Profitability Under Pressure
Operating metrics revealed the company’s ongoing investment strategy is weighing on margins. Non-GAAP operating profit decreased 21% year-over-year to 27.75 billion yuan in the quarter.
Net income attributable to shareholders fell 5% to 32.71 billion yuan compared to the same period in 2024. The declines reflect PDD’s continued spending on merchant support and platform improvements.
PDD operates both the Pinduoduo platform in China and the international Temu marketplace. The domestic business continues to face headwinds from weak consumer spending in China.
Temu encounters its own set of challenges in international markets. The elimination of the de minimis tariff exemption for small imports poses a particular concern for the platform’s business model.
The de minimis provision ends this week for all packages entering the United States. This policy change expands beyond just parcels from China and Hong Kong to affect all international shipments.
Growth Momentum Slowing
PDD’s revenue growth has decelerated from the rapid expansion seen during Temu’s breakout period. The company posted 86% growth in early 2024, followed by 44% and 24% in subsequent quarters.
First quarter growth slowed to 10% before the current 7% rate. This trend reflects the maturing of Temu’s international expansion and intensifying competition in both markets.
“Revenues growth further moderated this quarter due to intense competition,” said Jun Liu, PDD’s VP of Finance. The company remains focused on long-term value creation over short-term profits.

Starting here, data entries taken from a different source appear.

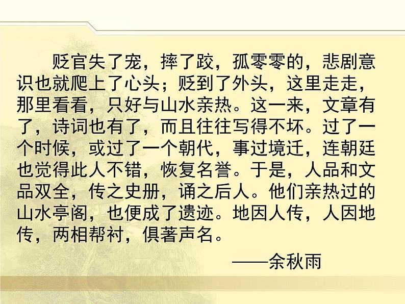 贬官失了宠,摔了跤,孤零零的,悲剧意识也就爬上了心头;贬到了外头,这里走走,那里看看,只好与山水亲热。这一来,文章有了,诗词也有了,而且往往写得不坏。过了一个时候,或过了一个朝代,事过境迁,连朝廷也觉得此人不错,恢复名誉。于是,人品和文品双全,传之史册,诵之后人。他们亲热过的山水亭阁,也便成了遗迹。地因人传,人因地传,两相帮衬,俱著声名。 ——余秋雨
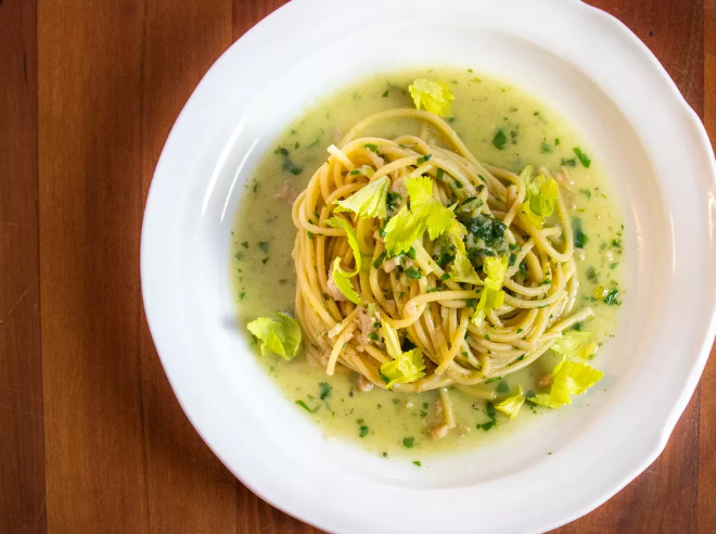 Выключите огонь, добавьте оставшееся масло и петрушку, и энергично перемешайте спагетти, чтобы добавить петрушку и превратить масло в соус. Разложите макароны по четырем порционным тарелкам, равномерно полейте каждую порцию ложкой соуса и моллюсков. Украсить листьями сельдерея и сразу же подавать к столу, минуя дольки лимона, для отжима.
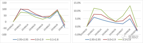 我们统计了2019年7月1日G20会议前7个交易日开始,买入跨式或宽跨式的收益情况(左图为1份跨式组合的净收益变化曲线,右图为收益率变化曲线)。可以看到,事件前,6.20-6.28,7月跨式组合在市场横盘的情况下,隐含波动率的上行收益完全弥补了时间价值的损耗,价格不跌反涨,虚值合约收益率相对更高。而事件后,7月1日当天,虽然标的大涨2.3%,但隐含波动率走低,跨式及宽跨式多头均遭受损失,虚值合约收益率损失最重。

Revenue from online marketing services increased 13% to 55.70 billion yuan during the quarter. Transaction services revenue stayed relatively flat at 48.28 billion yuan.
Total operating expenses rose 5% to 32.33 billion yuan, driven primarily by higher sales and marketing costs. These investments support the company’s merchant ecosystem development efforts.
Lei Chen, Chairman and Co-CEO, highlighted progress in platform sustainability. “We continued to invest in merchant support initiatives and are encouraged by the progress made towards a healthier platform ecosystem,” Chen stated.
Year-to-date, PDD stock has gained 31.7% including a 12% rally in August. However, shares remain down 9% compared to twelve months ago, showing the volatile nature of the stock’s performance.
The company maintains strong technical ratings with an IBD Composite Rating of 89 out of 99. Its Relative Strength Rating stands at 56, indicating outperformance versus 56% of stocks over the past year.
PDD’s latest results demonstrate the company’s ability to exceed earnings expectations while navigating competitive pressures in both domestic and international markets.